MMA Grand Prix
- Sport: Mixed martial arts
- Founded: 2020; 6 years ago
- Founder: Abdel Khaznadji Éric Konako Faubert
- Owner: Fight Sport Management
- Headquarters: Vitry-sur-Seine, Val-de-Marne, France
- Broadcasters: Sport en France RMC Sport
- Website: mmagrandprix.com

= MMA Grand Prix =

MMA Grand Prix, often abbreviated MMA GP, is a professional mixed martial arts promotion based in Vitry-sur-Seine, Val-de-Marne, France.

==History==
MMA Grand Prix was created in 2020, upon the legalization of MMA's internationally accepted rules (which include ground strikes) by the French government. Their first card was held on 8 October of that year, in presence of French Minister of Sports Roxana Maracineanu. It was the first organization to present MMA in France under its complete ruleset. It is sanctioned by the French Mixed Martial Arts Federation, a subsidiary of the French Boxing Federation, which has been accredited by the Ministry of Sports to regulate the activity.

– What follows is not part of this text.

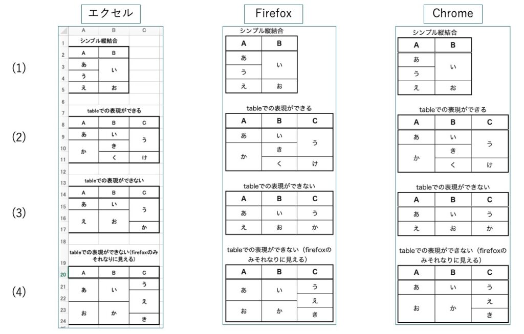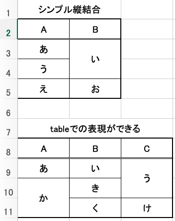 セルを縦または横に繋いだ形(エクセルでいうセルの結合)でも、rowspan、colspanを使ってこれまで特に問題に感じたことはなかった。

Co-founder Éric Konako Faubert is a London-based promoter for Muay Thai Grand Prix, an international thai boxing promotion, with whom MMA Grand Prix shares common branding.

The promotion's first card held outside of the Paris region, The Last of the Kings in Le Havre, featured a comeback fight from veteran kickboxer turned mixed martial artist Jérome Le Banner. It served as a tribute to Le Banner's training partner and Le Havre mayor Édouard Philippe who, during his term as prime minister, was responsible for the legalization of French MMA. It was Le Banner's first MMA fight outside of Japan.

==Champions==
===Current MMA Grand Prix champions===

| Men's division | Upper weight limit | Champion | Since | Title Defenses |
|---|---|---|---|---|
| Light Heavyweight | 205 lb (93.0 kg) | Algeria Mohamed Said Maalem | Sep 16, 2023 | 0 |
| Lightweight | 154 lb (69.9 kg) | BRA Keweney Lopes | Jan 27, 2024 | 0 |
| Featherweight | 145 lb (65.8 kg) | Vacant | N/A | N/A |
| Bantamweight | 135 lb (61.2 kg) | FRA Alfan Rocher-Labes | Sep 16, 2023 | 0 |
| Flyweight | 125 lb (56.7 kg) | FRA Michael Aljarouj | Mar 4, 2023 | 1 |

===Light Heavyweight Championship===
Weight limit: 205 lb

| No. | Name | Event | Date | Defenses |
|---|---|---|---|---|
| 1 | Algeria Mohamed Said Maalem def. Yann Kouadja | MMA GP: Kouadja vs Maalem Le Grand-Saconnex, France | Sep 16, 2023 |  |

===Lightweight Championship===
Weight limit: 154 lb

| No. | Name | Event | Date | Defenses |
|---|---|---|---|---|
| 1 | BRA Keweney Lopes def. Mathias Poiron | JSC 1 Nimas, France | Jan 27, 2024 |  |

===Featherweight Championship===
Weight limit: 145 lb

| No. | Name | Event | Date | Defenses |
| 1 | FRA Alioune Nahaye def. Ariston França | MMA Grand Prix 4 Paris, France | Oct 14, 2021 |  |
Nahaye vacated.

===Bantamweight Championship===
Weight limit: 135 lb

| No. | Name | Event | Date | Defenses |
|---|---|---|---|---|
| 1 | FRA Alfan Rocher-Labes def. Deiby Tachon | MMA GP: Kouadja vs Maalem Le Grand-Saconnex, France | Sep 16, 2023 |  |

===Flyweight Championship===
Weight limit: 125 lb

| No. | Name | Event | Date | Defenses |
|---|---|---|---|---|
| 1 | FRA Michael Aljarouj def. Ezzoubair Bouarsa | MMA GP: Doumbe vs Klimas Paris, France | Mar 4, 2023 | 1. def. Liridon Ramani at JSC 1 on Jan 27, 2024 |

==Notable fighters==
- Cédric Doumbé
- Karim Ghajji
- Jérome Le Banner
- Mickaël Lebout
- :fr:Laetitia Blot

==Media==
Select MMA GP shows, including the company's inaugural card, have aired on the UFC Fight Pass.
In May 2022, the promotion inked its first television deal with Sport en France. However, French media authority CSA still bans MMA broadcasts before 10:30 pm, forcing some fights to be shown on tape delay. MMA GP made its premium TV debut with a 17 December 2022 card from Bordeaux, which was broadcast on RMC Sport 2.